*** Opening of DATASET EXCERPT ***

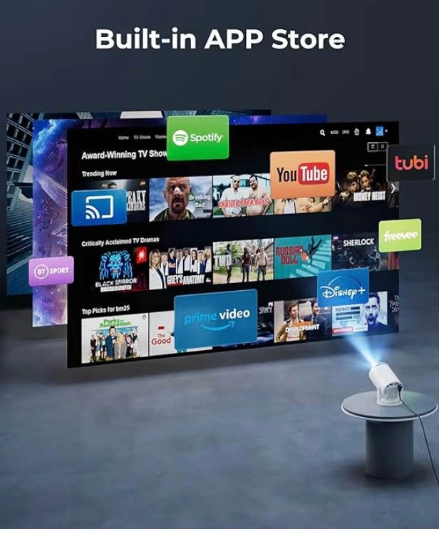 This is a CLOKOWE Mini Projector with WiFi and Bluetooth. It has built-in apps and is a smart portable projector with 180° rotation and auto keystone correction. It supports 1080P and is compatible with HDMI, USB, TV Stick, smartphones, and laptops. Feel free to message if you have any questions!
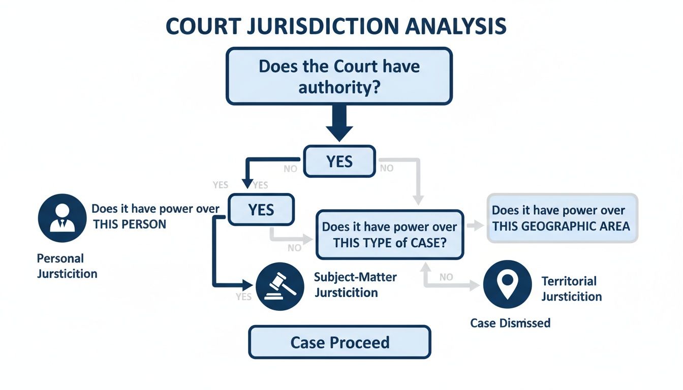 This flowchart breaks down exactly how a court analyzes its authority, walking through the essential questions of personal, subject-matter, and territorial jurisdiction.
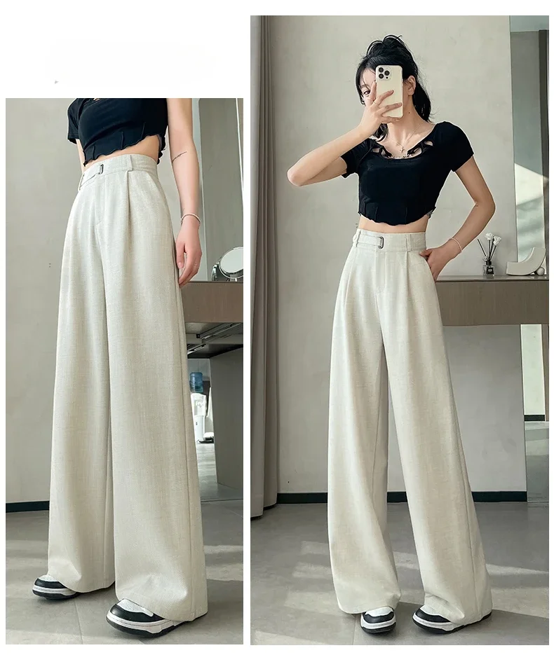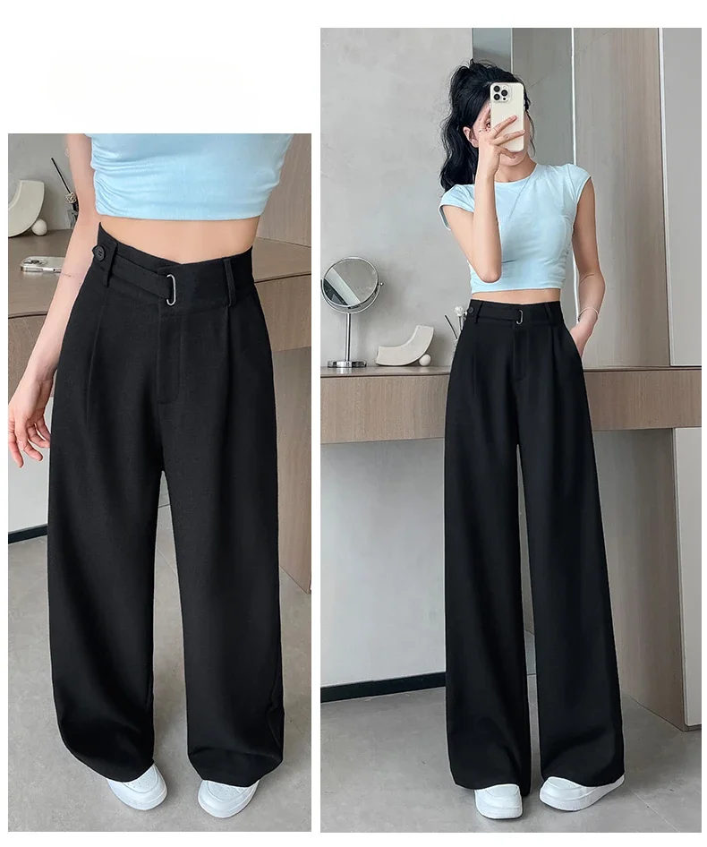 Seoulish Spring Summer Elegant Button Women's Wide Leg Pants 2025 New High Waist Solid Casual Loose Straight Trousers for Womens RT220

*** Close of DATASET EXCERPT ***

» PROBLEM TO SOLVE:
Write out every line of the listing exactly as written, and leave the pictures out.

» SOLUTION FOR THIS EXERCISE:
 This is a CLOKOWE Mini Projector with WiFi and Bluetooth. It has built-in apps and is a smart portable projector with 180° rotation and auto keystone correction. It supports 1080P and is compatible with HDMI, USB, TV Stick, smartphones, and laptops. Feel free to message if you have any questions!
 This flowchart breaks down exactly how a court analyzes its authority, walking through the essential questions of personal, subject-matter, and territorial jurisdiction.
 Seoulish Spring Summer Elegant Button Women's Wide Leg Pants 2025 New High Waist Solid Casual Loose Straight Trousers for Womens RT220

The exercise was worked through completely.